[Saved data entries]
────────────────────

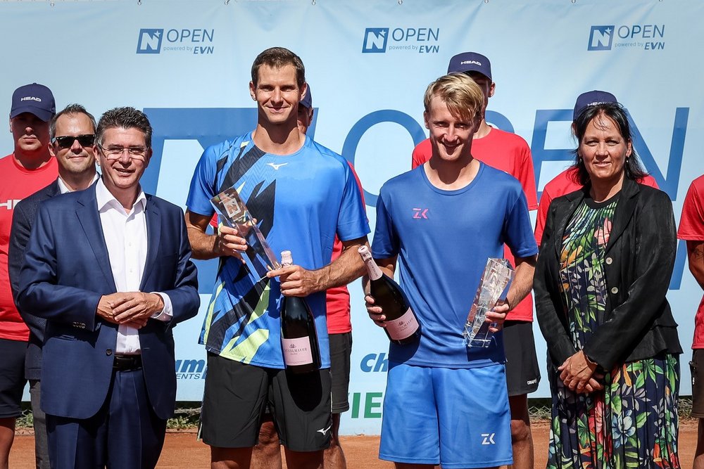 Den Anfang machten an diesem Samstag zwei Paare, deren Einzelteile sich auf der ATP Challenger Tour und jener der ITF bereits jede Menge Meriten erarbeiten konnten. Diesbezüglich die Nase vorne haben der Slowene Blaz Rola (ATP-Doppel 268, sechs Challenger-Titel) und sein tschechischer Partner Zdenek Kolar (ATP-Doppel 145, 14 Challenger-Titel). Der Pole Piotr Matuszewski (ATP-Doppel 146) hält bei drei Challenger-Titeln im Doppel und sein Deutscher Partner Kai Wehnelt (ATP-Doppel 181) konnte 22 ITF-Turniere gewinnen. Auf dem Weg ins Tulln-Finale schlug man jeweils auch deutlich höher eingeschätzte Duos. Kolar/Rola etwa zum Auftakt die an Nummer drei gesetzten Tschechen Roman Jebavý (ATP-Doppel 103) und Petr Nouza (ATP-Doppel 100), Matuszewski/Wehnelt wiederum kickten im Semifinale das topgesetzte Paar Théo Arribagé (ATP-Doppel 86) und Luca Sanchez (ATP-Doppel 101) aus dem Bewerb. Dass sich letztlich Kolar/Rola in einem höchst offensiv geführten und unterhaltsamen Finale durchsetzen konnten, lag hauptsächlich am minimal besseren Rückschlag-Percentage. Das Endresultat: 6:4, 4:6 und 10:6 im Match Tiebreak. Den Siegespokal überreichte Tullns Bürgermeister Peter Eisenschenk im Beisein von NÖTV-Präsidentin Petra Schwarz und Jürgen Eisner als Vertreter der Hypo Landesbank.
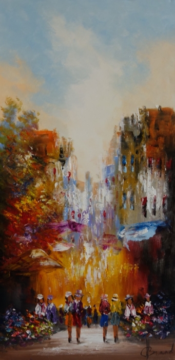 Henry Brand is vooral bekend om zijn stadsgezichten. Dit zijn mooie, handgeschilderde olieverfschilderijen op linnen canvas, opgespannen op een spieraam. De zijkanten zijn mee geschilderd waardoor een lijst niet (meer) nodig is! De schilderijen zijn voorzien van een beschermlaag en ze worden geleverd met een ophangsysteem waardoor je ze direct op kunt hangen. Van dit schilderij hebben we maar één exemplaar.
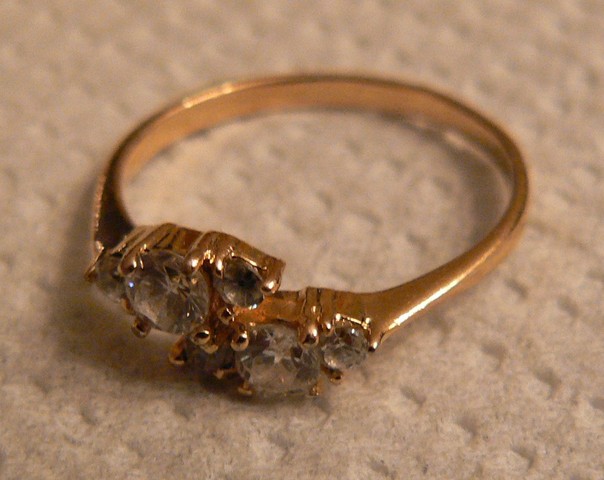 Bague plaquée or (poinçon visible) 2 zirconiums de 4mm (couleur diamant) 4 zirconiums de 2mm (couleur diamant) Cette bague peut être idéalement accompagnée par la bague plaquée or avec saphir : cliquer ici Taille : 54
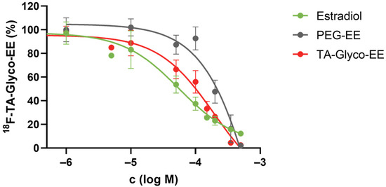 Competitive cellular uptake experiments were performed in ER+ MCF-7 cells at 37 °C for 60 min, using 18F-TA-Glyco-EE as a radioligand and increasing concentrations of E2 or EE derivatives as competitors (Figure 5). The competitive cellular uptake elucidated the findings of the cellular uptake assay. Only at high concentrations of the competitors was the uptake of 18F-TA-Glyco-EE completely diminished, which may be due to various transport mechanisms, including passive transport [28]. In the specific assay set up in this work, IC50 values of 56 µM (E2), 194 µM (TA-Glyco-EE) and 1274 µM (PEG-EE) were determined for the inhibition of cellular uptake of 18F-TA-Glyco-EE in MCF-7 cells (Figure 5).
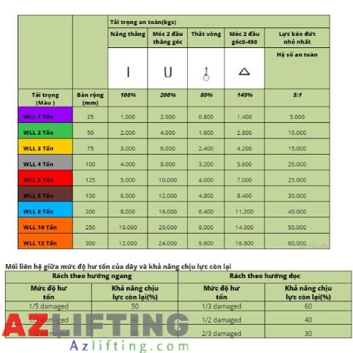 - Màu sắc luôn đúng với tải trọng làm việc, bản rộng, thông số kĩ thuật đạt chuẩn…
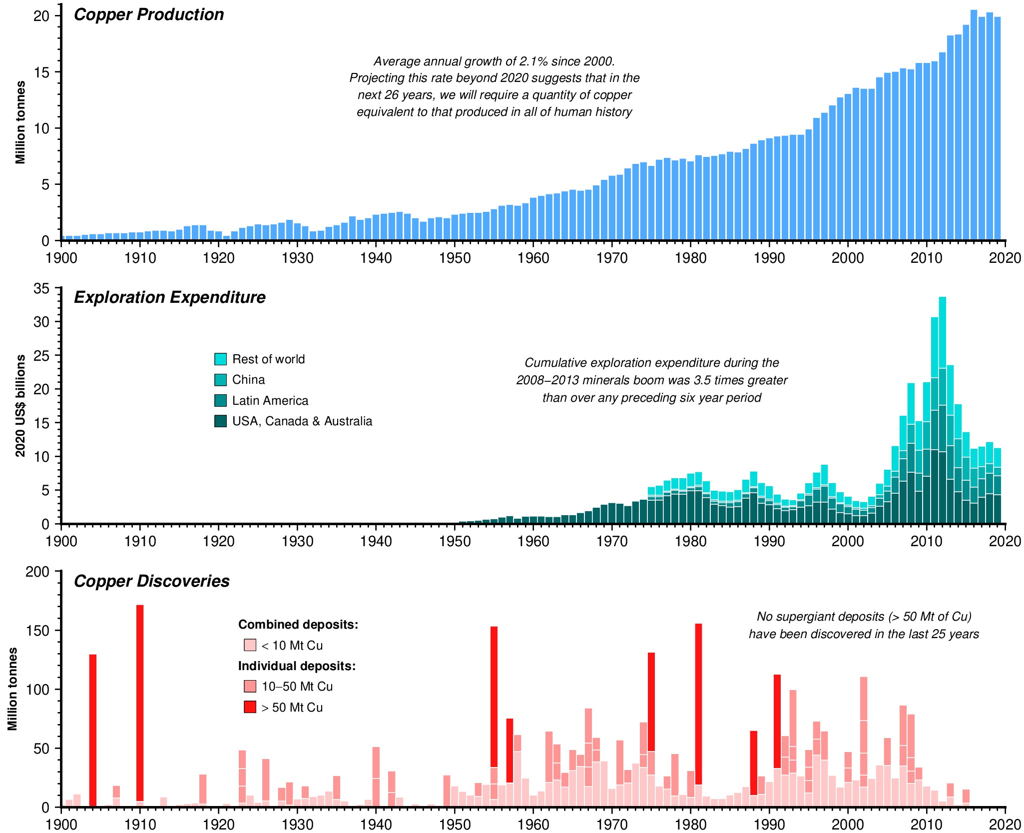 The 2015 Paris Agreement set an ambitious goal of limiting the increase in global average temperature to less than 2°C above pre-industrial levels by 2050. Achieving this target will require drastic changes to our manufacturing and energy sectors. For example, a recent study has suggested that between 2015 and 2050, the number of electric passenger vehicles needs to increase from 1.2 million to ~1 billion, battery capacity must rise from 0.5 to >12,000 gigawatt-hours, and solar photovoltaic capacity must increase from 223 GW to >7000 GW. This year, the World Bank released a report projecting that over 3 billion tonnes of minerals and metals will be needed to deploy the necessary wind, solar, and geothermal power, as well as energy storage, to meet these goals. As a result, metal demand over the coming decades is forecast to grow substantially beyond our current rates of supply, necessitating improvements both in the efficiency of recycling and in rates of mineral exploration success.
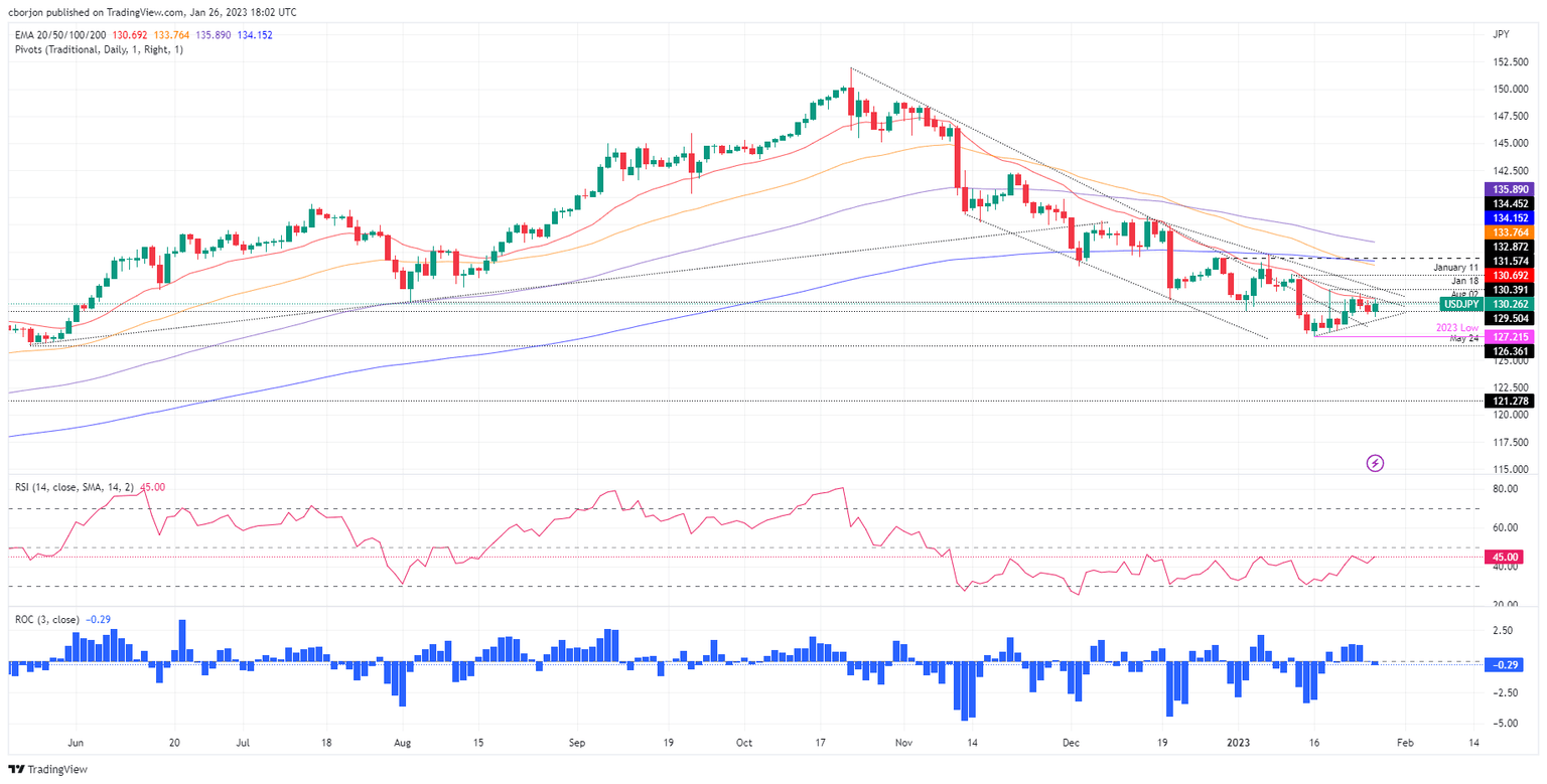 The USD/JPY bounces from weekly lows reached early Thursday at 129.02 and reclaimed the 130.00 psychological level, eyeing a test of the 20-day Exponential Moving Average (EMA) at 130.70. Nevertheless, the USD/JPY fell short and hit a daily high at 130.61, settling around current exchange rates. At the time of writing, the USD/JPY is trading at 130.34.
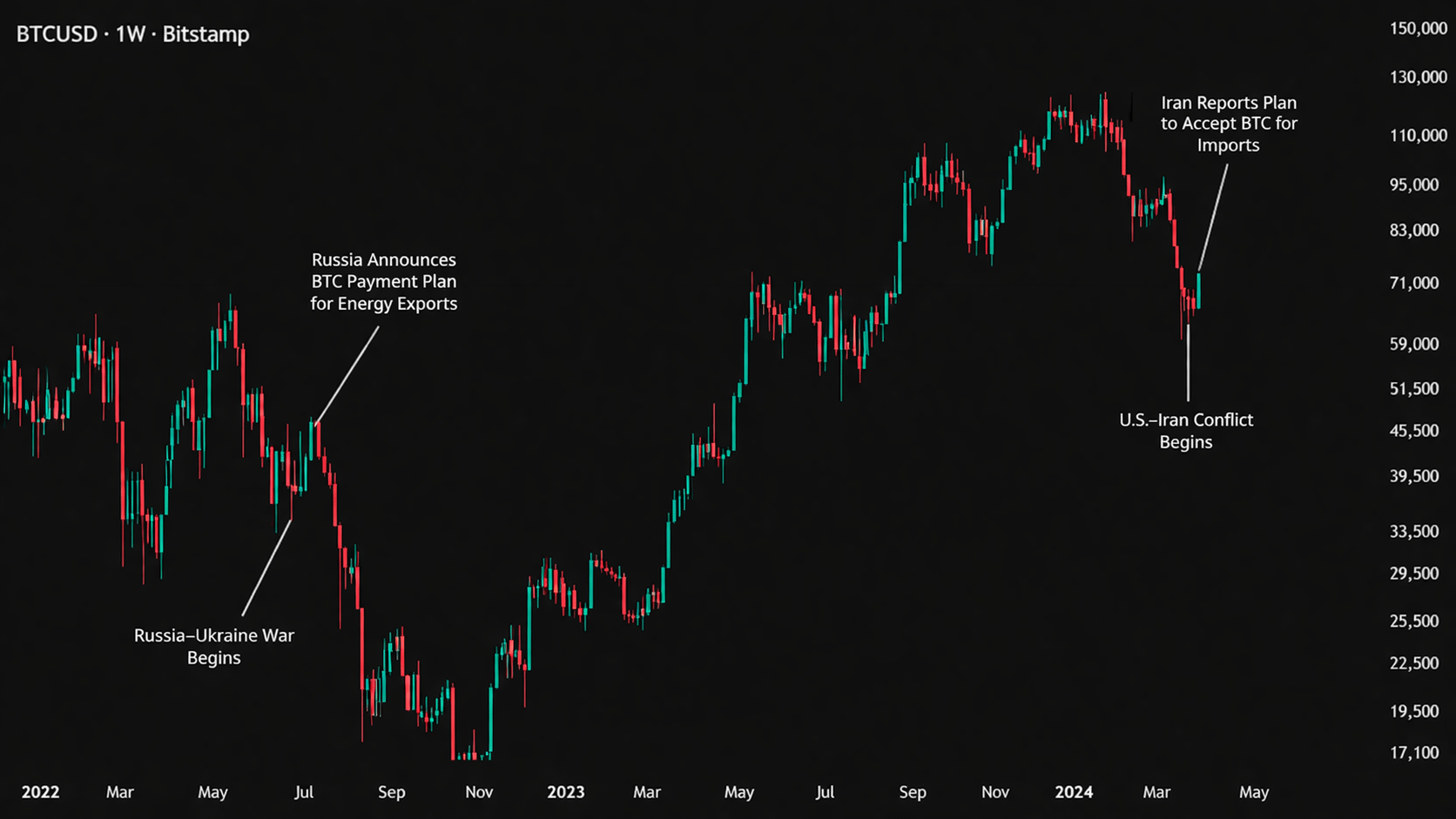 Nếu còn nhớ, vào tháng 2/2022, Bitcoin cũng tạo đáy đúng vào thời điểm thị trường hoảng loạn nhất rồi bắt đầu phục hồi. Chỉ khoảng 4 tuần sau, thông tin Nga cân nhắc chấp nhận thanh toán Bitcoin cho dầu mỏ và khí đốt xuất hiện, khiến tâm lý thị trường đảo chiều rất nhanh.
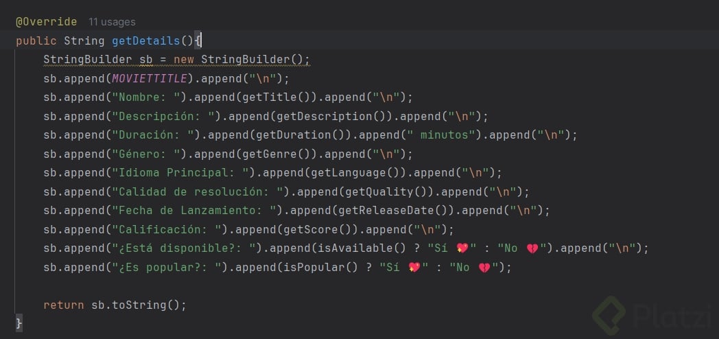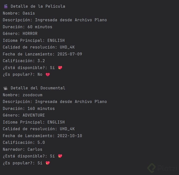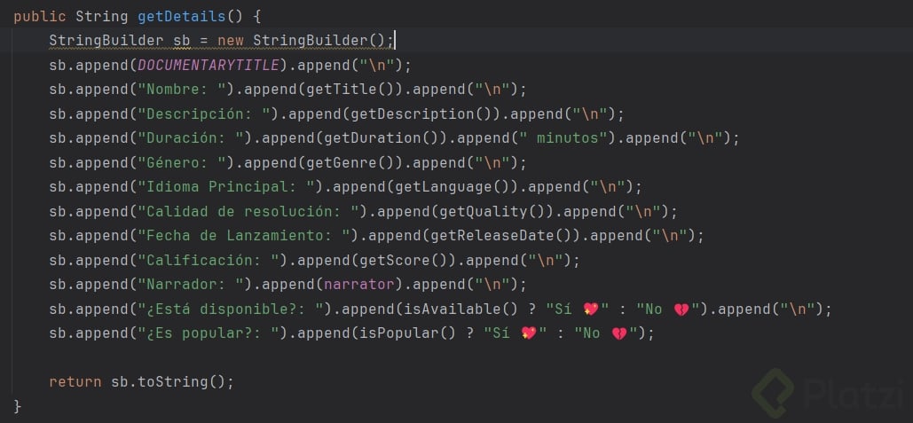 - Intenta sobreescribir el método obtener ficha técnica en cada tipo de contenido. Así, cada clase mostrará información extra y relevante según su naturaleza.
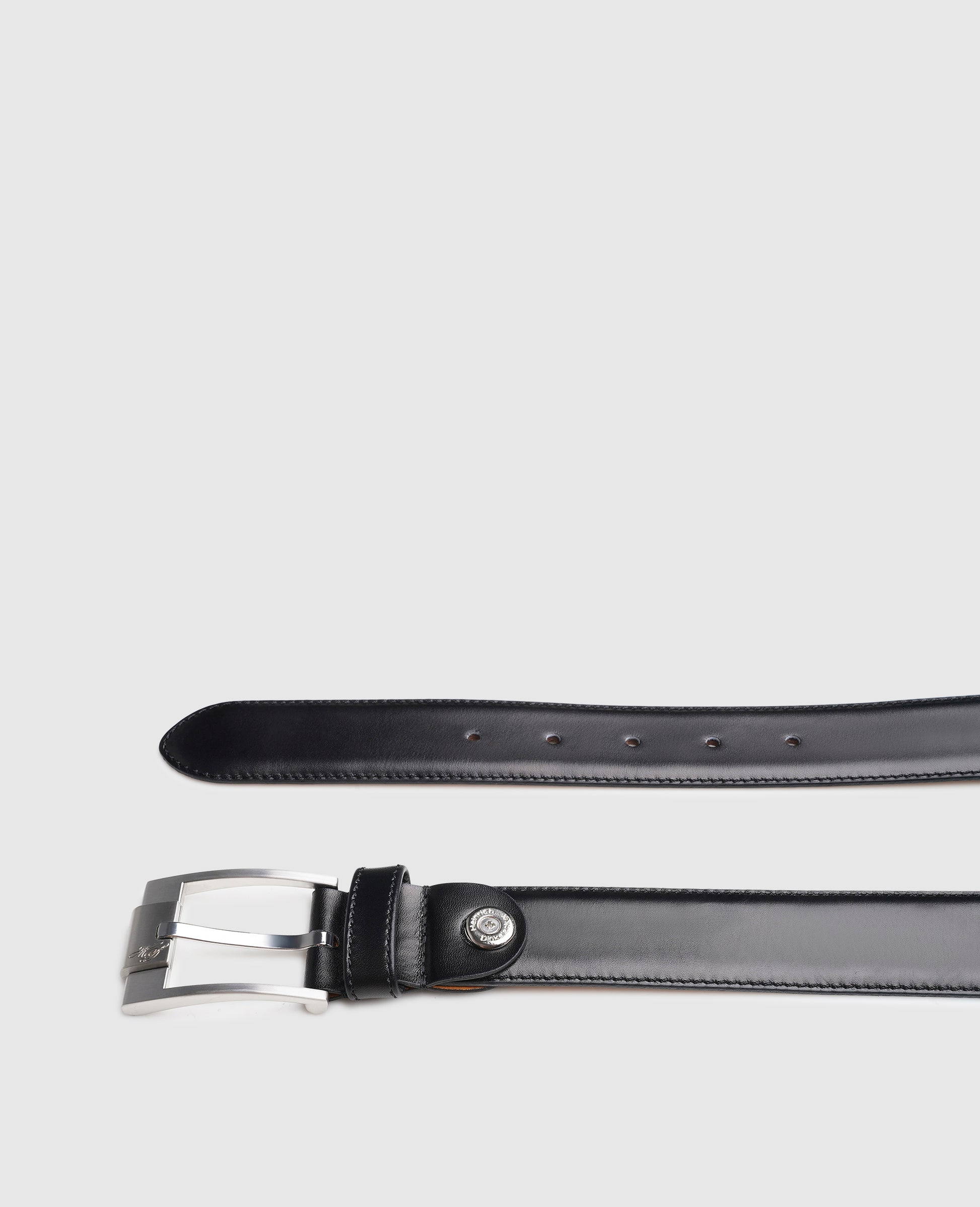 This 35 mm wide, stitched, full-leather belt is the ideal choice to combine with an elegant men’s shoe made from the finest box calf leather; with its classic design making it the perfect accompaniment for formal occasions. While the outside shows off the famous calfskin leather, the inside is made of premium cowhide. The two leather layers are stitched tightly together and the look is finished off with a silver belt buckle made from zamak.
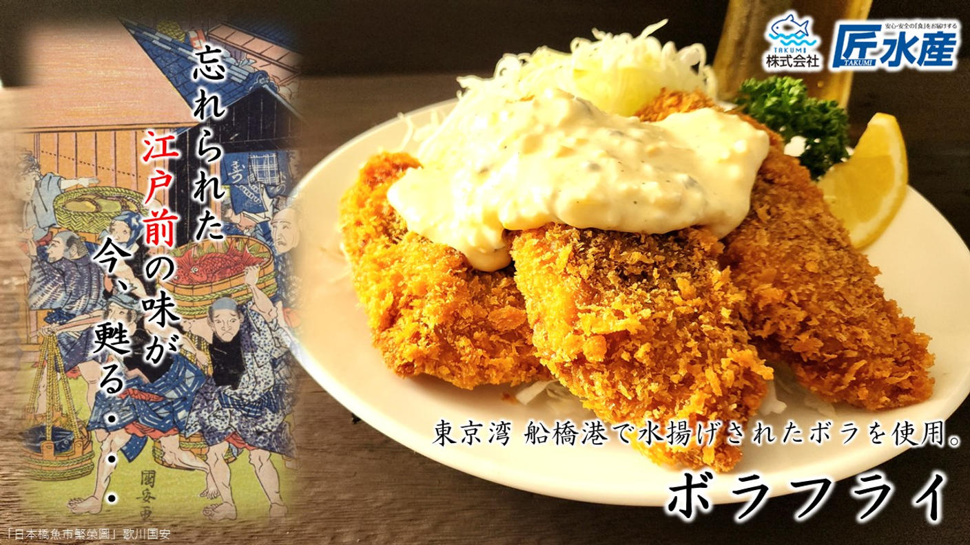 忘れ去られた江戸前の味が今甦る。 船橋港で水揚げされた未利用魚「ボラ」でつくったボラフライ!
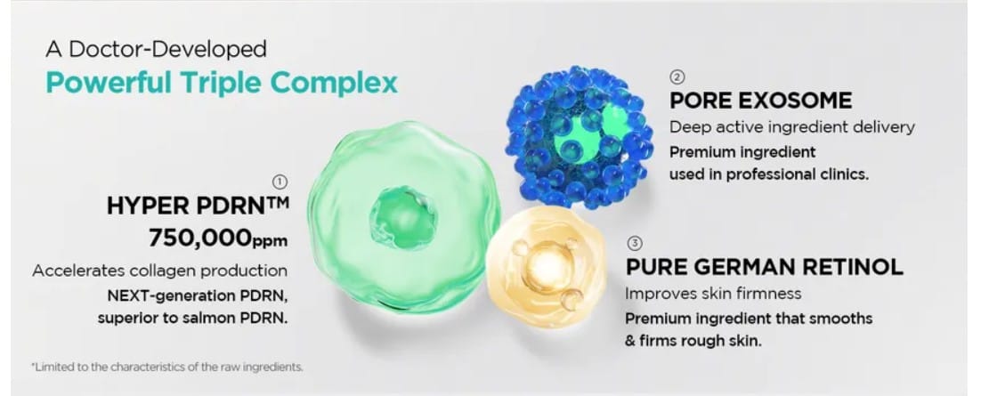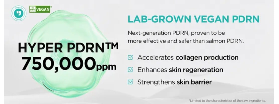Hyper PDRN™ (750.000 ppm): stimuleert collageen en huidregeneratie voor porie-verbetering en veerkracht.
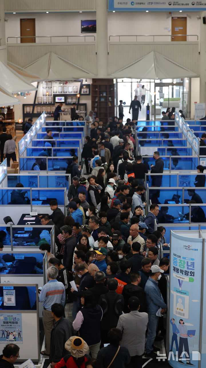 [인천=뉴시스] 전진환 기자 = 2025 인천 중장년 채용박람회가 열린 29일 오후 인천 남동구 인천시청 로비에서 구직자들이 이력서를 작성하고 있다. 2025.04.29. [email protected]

────────────────────

= Exercise description =
Produce an exact copy of the lines from the line containing "忘れ去られた江戸前の味が今甦" through the last line of the records, with no pictures and no other text.

= Task output =
 忘れ去られた江戸前の味が今甦る。 船橋港で水揚げされた未利用魚「ボラ」でつくったボラフライ!
Hyper PDRN™ (750.000 ppm): stimuleert collageen en huidregeneratie voor porie-verbetering en veerkracht.
 [인천=뉴시스] 전진환 기자 = 2025 인천 중장년 채용박람회가 열린 29일 오후 인천 남동구 인천시청 로비에서 구직자들이 이력서를 작성하고 있다. 2025.04.29. [email protected]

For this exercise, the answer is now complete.